Welcome to the era of deep neuroevolution

image

On behalf of the Uber AI Labs team, which also includes Joel Lehman, Jay Chen, Edoardo Conti, Vashisht Madhavan, Felipe Petroski Such and Xingwen Zhang.

In the field of deep neural networks (DNN) with a large number of layers and millions of connections, for training, as a rule, stochastic gradient descent (SGD) is used. Many believe that the ability of SGD to efficiently calculate gradients is an exceptional feature. However, we publish a set of five articles in support of neuroevolution , when neural networks are optimized using evolutionary algorithms. This method is also effective in learning deep neural networks for reinforced learning (RL) tasks. Uber has many areas where machine learning can improve its performance, and developing a wide range of powerful learning approaches (including neuroevolution) will help develop safer and more reliable transport solutions.

From translator
It seemed to me more organic to keep abbreviations in the English version, as more recognizable to specialists in this subject area. In addition, for some I did not manage to quickly find well-established Russian-language equivalents. Therefore, I give a decryption of the abbreviations used:
')
  • A3C (Asynchronous Advantage Actor-Critic) - well-established Russian-language name I do not know.
  • DNN (Deep Neural Network) is a deep neural network.
  • DQN (Q-learning) - Q-learning.
  • ES (Evolution Strategies) - evolutionary strategies.
  • GA (Genetic Algorithm) is a genetic algorithm.
  • MNIST (Modified National Institute for Standards and Technology database) is a voluminous database of handwritten number samples.
  • NS (Novelty Search algorithms) - novelty search algorithms.
  • QD (Quality Diversity algorithms) - qualitative diversity algorithms.
  • RL (Reinforcement Learning) - reinforcement learning.
  • SGD (Stochastic Gradient Descent) - stochastic gradient descent.
  • SM-G (Safe Mutations through Gradients) - safe mutations through gradients.
  • TRPO (Trust Region Policy Optimization) - well-established Russian-language name I do not know.

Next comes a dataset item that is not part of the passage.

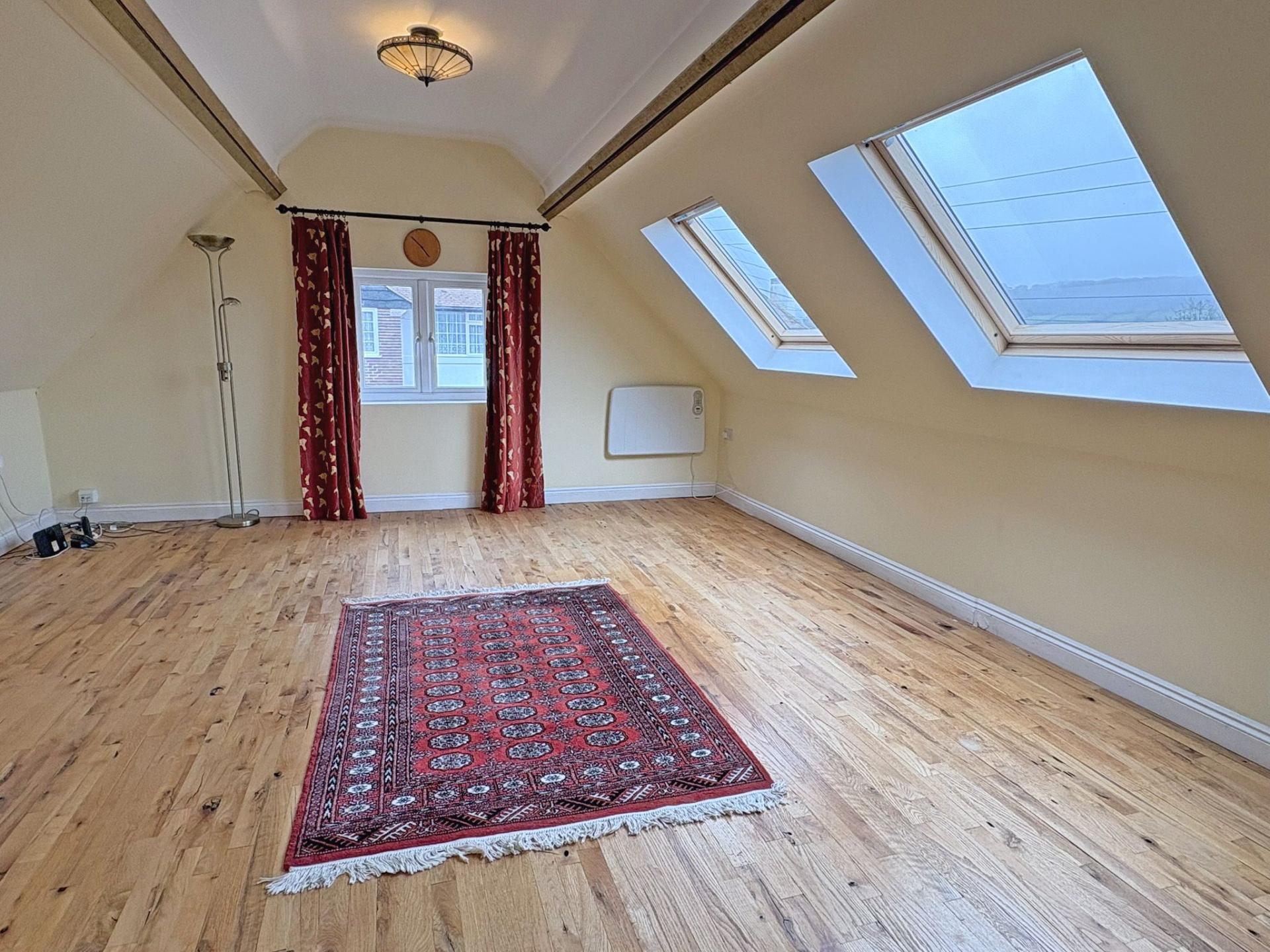 4.17m (13’08) x 3.50m (11’06). Velux window. Electric wall heater. Carpet.
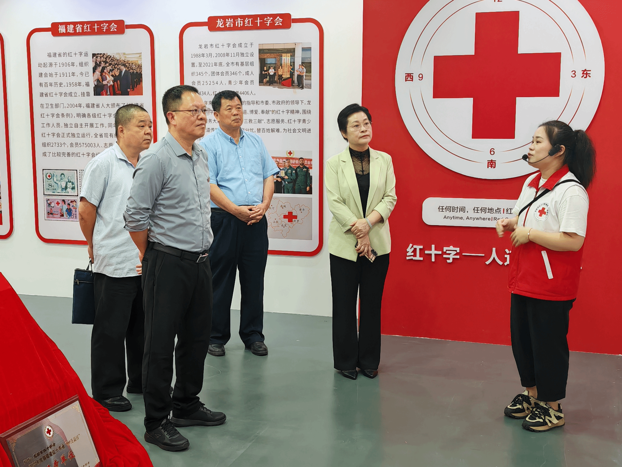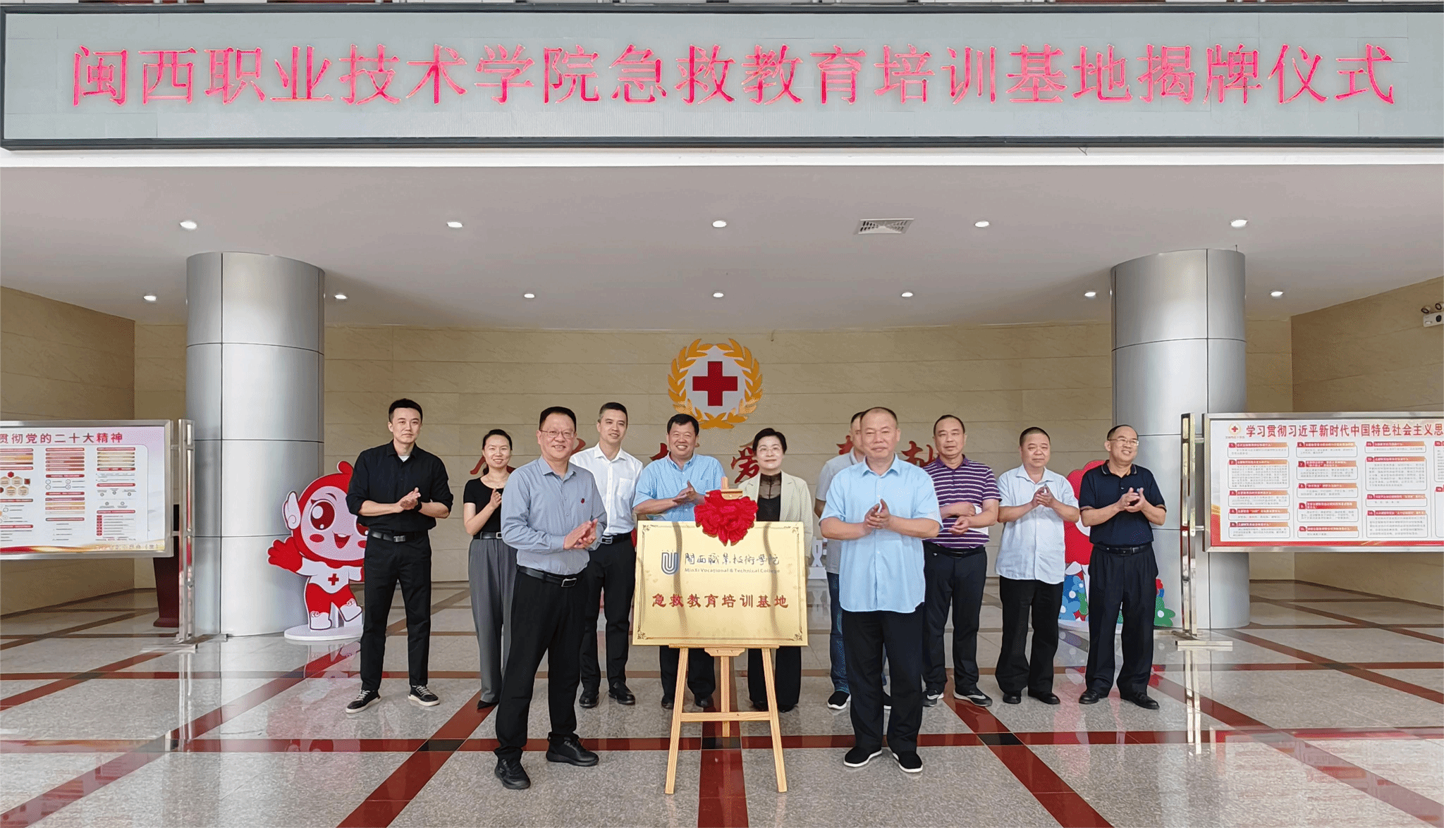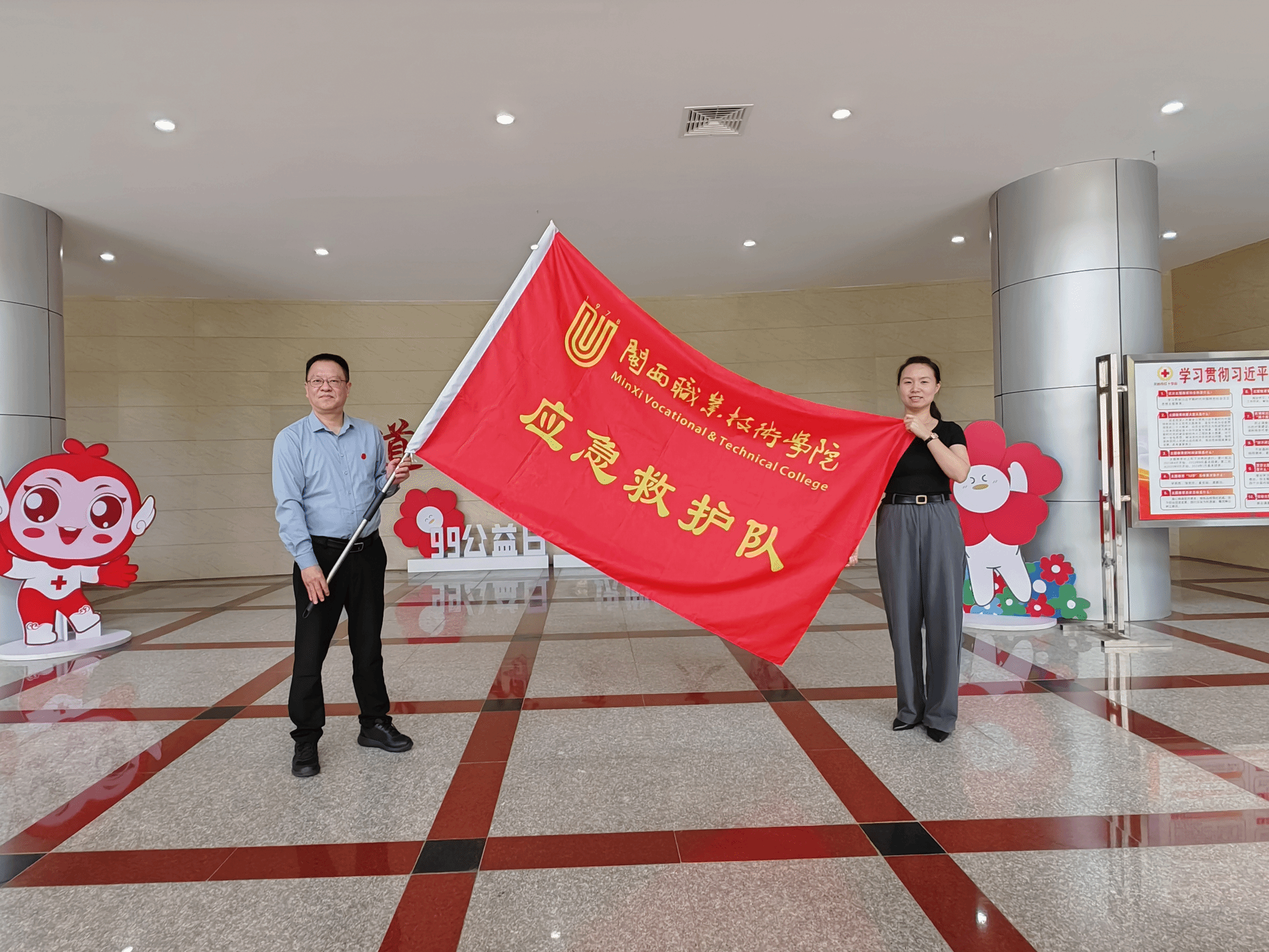 在龙岩市红十字会一楼大厅,梁俊平校长与邹方清书记共同为急救教育培训基地揭牌。梁俊平校长向校团委书记陈愉授予了“MG冰球突破官网应急救护队”的旗帜。

Genetic algorithms as a competitive alternative for training deep neural networks


Using the new technique that we have invented for the efficient development of DNN, we were surprised to find that an extremely simple genetic algorithm (GA) can train deep convolutional networks with more than 4 million parameters for playing Atari from pixels, and in many games surpasses modern algorithms deep reinforcement learning (RL) (for example, DQN and A3C) or evolutionary strategies (ES), and is also faster due to better parallelization. This result is unexpected, both because it was not expected that a GA, not based on a gradient, would scale well in such large parameter spaces, and also because it was not considered possible to achieve or exceed advanced RL algorithms using GA. Further, we show that modern GA enhancements that improve GA capabilities, such as novelty search , also work on DNN scales and can contribute to finding solutions to deceptive tasks (with complex local extremes), ahead of reward maximization algorithms, such as Q-learning (DQN ), policy gradients (A3C), ES and GA.


This GA strategy scores 10,500 points in Frostbite. DQN, AC3 and ES gain less than 1000 on this game.


GA plays well in the Asteroids. It is on average superior to DQN and ES, but not A3C.

Safe mutations using gradient calculations


In a separate article, we show how gradients can be combined with neuroevolution, improving the ability to learn recurrent and very deep neural networks, making possible the evolution of DNN with more than a hundred layers - a level far exceeding what was previously possible due to neuroevolution. We do this by computing the gradient of the network outputs relative to the weights (that is, not the error gradient, as in traditional deep learning), allowing the calibration of random mutations to more accurately handle the most sensitive parameters, thereby solving the main problem of random mutation in large networks.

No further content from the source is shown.